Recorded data

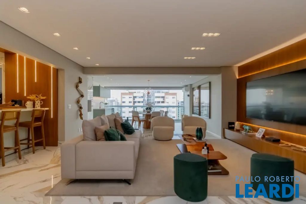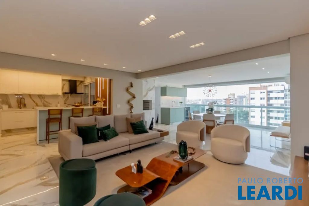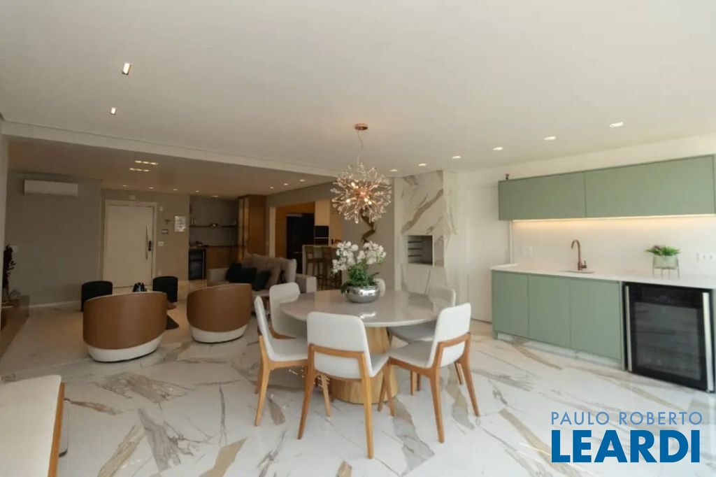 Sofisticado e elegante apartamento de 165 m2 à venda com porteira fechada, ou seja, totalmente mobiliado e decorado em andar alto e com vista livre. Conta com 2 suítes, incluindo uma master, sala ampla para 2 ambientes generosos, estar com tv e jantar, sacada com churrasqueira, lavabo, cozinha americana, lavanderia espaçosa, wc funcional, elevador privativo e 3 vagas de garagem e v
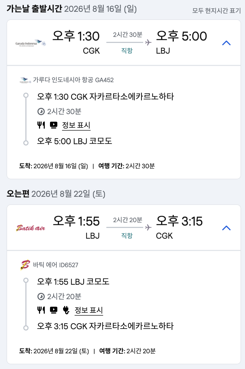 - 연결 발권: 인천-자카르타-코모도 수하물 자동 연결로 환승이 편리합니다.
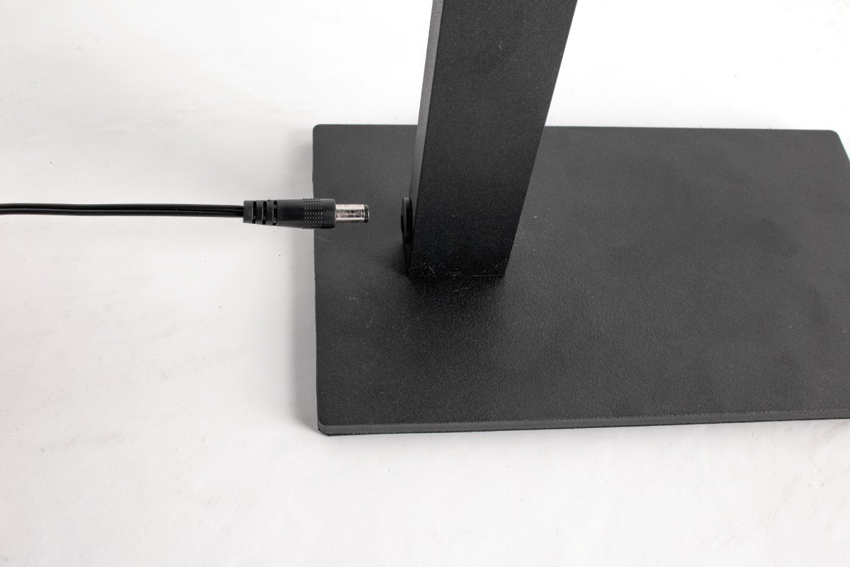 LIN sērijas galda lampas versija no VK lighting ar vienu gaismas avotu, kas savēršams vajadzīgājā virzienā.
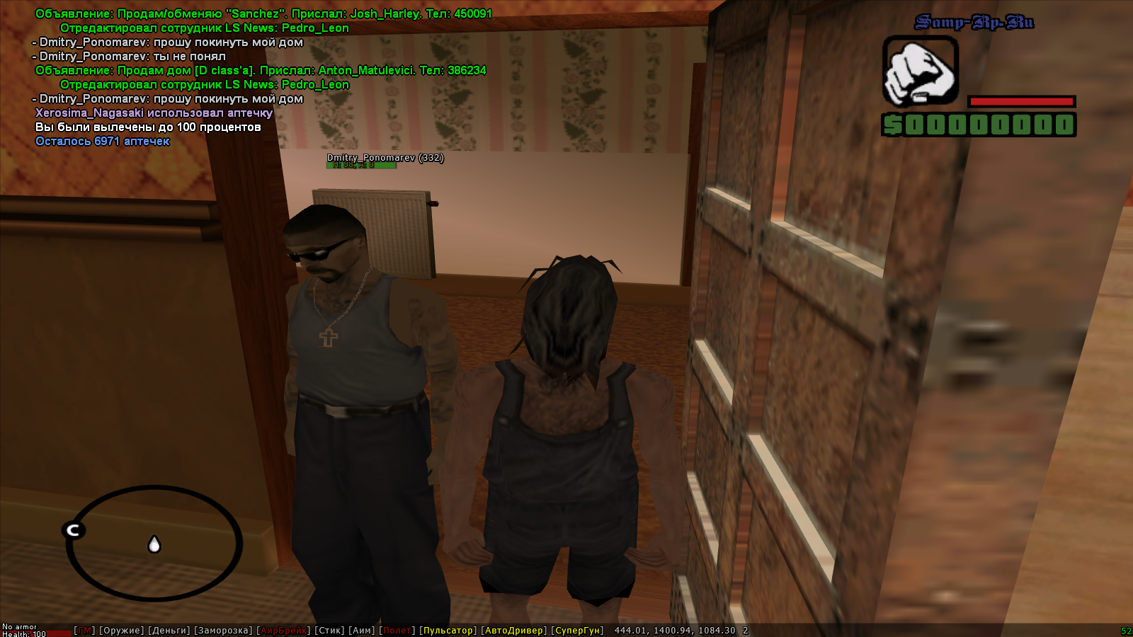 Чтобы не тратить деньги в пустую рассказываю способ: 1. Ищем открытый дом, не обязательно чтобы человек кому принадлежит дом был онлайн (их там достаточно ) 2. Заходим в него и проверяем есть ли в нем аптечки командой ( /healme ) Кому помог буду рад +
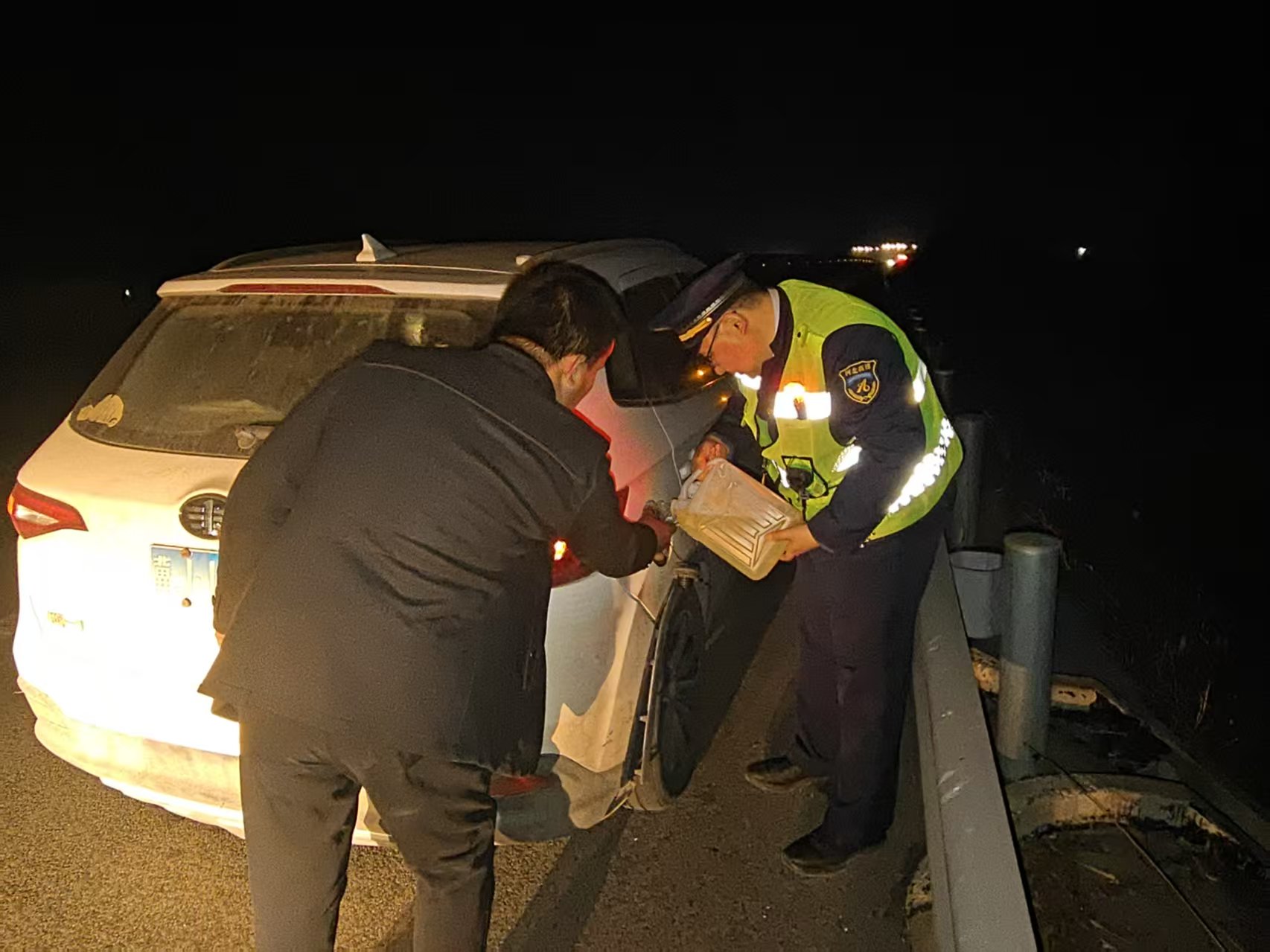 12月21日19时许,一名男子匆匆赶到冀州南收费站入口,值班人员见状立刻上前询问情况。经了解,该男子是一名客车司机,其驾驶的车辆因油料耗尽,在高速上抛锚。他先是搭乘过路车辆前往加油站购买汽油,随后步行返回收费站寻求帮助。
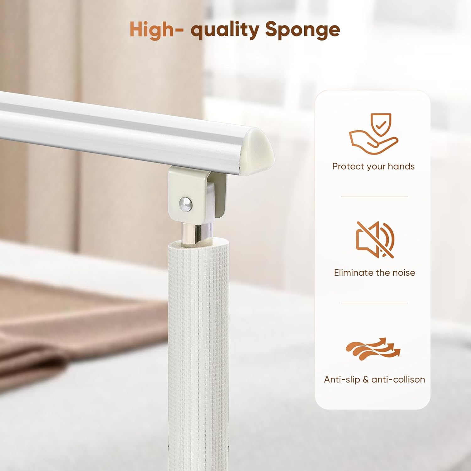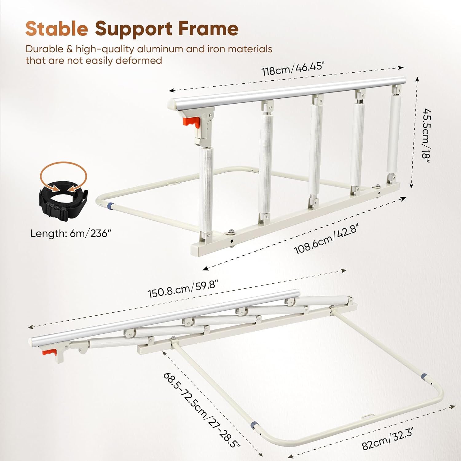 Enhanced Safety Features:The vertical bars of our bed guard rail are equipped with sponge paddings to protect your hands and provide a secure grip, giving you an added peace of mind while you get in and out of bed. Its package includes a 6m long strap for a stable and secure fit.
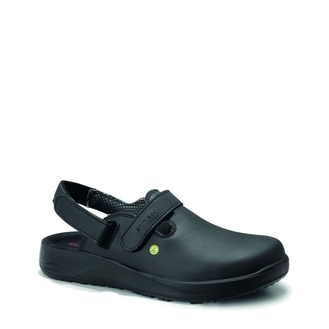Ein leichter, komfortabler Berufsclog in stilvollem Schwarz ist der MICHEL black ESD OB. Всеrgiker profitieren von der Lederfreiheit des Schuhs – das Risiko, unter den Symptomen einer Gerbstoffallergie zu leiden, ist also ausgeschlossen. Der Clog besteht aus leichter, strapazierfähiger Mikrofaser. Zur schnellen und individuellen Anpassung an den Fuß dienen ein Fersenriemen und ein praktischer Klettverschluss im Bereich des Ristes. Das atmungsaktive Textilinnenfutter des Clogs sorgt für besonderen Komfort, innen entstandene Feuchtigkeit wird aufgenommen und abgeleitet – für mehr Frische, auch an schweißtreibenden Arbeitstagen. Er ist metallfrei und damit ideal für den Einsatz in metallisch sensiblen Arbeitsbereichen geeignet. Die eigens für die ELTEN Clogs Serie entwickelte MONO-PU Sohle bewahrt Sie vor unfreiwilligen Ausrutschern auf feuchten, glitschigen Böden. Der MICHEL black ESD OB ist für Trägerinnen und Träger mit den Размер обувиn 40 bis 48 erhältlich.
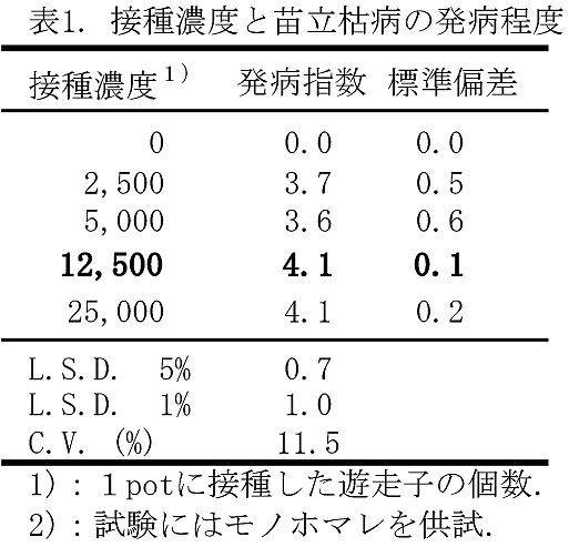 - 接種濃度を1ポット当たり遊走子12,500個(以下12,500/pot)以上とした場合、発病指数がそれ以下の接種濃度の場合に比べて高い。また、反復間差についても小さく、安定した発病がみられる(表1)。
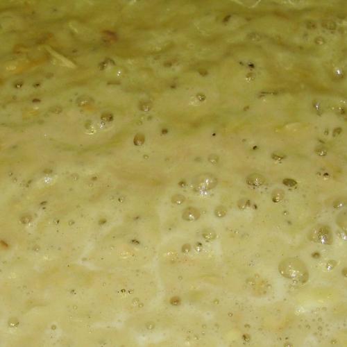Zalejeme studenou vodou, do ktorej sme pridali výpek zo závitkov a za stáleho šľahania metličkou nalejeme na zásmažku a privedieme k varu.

▶ [EXERCISE INSTRUCTIONS]: From the first record above to the last, output each one exactly and omit the pictures.

▶ [WRITTEN REPLY]:
 Sofisticado e elegante apartamento de 165 m2 à venda com porteira fechada, ou seja, totalmente mobiliado e decorado em andar alto e com vista livre. Conta com 2 suítes, incluindo uma master, sala ampla para 2 ambientes generosos, estar com tv e jantar, sacada com churrasqueira, lavabo, cozinha americana, lavanderia espaçosa, wc funcional, elevador privativo e 3 vagas de garagem e v
 - 연결 발권: 인천-자카르타-코모도 수하물 자동 연결로 환승이 편리합니다.
 LIN sērijas galda lampas versija no VK lighting ar vienu gaismas avotu, kas savēršams vajadzīgājā virzienā.
 Чтобы не тратить деньги в пустую рассказываю способ: 1. Ищем открытый дом, не обязательно чтобы человек кому принадлежит дом был онлайн (их там достаточно ) 2. Заходим в него и проверяем есть ли в нем аптечки командой ( /healme ) Кому помог буду рад +
 12月21日19时许,一名男子匆匆赶到冀州南收费站入口,值班人员见状立刻上前询问情况。经了解,该男子是一名客车司机,其驾驶的车辆因油料耗尽,在高速上抛锚。他先是搭乘过路车辆前往加油站购买汽油,随后步行返回收费站寻求帮助。
 Enhanced Safety Features:The vertical bars of our bed guard rail are equipped with sponge paddings to protect your hands and provide a secure grip, giving you an added peace of mind while you get in and out of bed. Its package includes a 6m long strap for a stable and secure fit.
Ein leichter, komfortabler Berufsclog in stilvollem Schwarz ist der MICHEL black ESD OB. Всеrgiker profitieren von der Lederfreiheit des Schuhs – das Risiko, unter den Symptomen einer Gerbstoffallergie zu leiden, ist also ausgeschlossen. Der Clog besteht aus leichter, strapazierfähiger Mikrofaser. Zur schnellen und individuellen Anpassung an den Fuß dienen ein Fersenriemen und ein praktischer Klettverschluss im Bereich des Ristes. Das atmungsaktive Textilinnenfutter des Clogs sorgt für besonderen Komfort, innen entstandene Feuchtigkeit wird aufgenommen und abgeleitet – für mehr Frische, auch an schweißtreibenden Arbeitstagen. Er ist metallfrei und damit ideal für den Einsatz in metallisch sensiblen Arbeitsbereichen geeignet. Die eigens für die ELTEN Clogs Serie entwickelte MONO-PU Sohle bewahrt Sie vor unfreiwilligen Ausrutschern auf feuchten, glitschigen Böden. Der MICHEL black ESD OB ist für Trägerinnen und Träger mit den Размер обувиn 40 bis 48 erhältlich.
 - 接種濃度を1ポット当たり遊走子12,500個(以下12,500/pot)以上とした場合、発病指数がそれ以下の接種濃度の場合に比べて高い。また、反復間差についても小さく、安定した発病がみられる(表1)。
Zalejeme studenou vodou, do ktorej sme pridali výpek zo závitkov a za stáleho šľahania metličkou nalejeme na zásmažku a privedieme k varu.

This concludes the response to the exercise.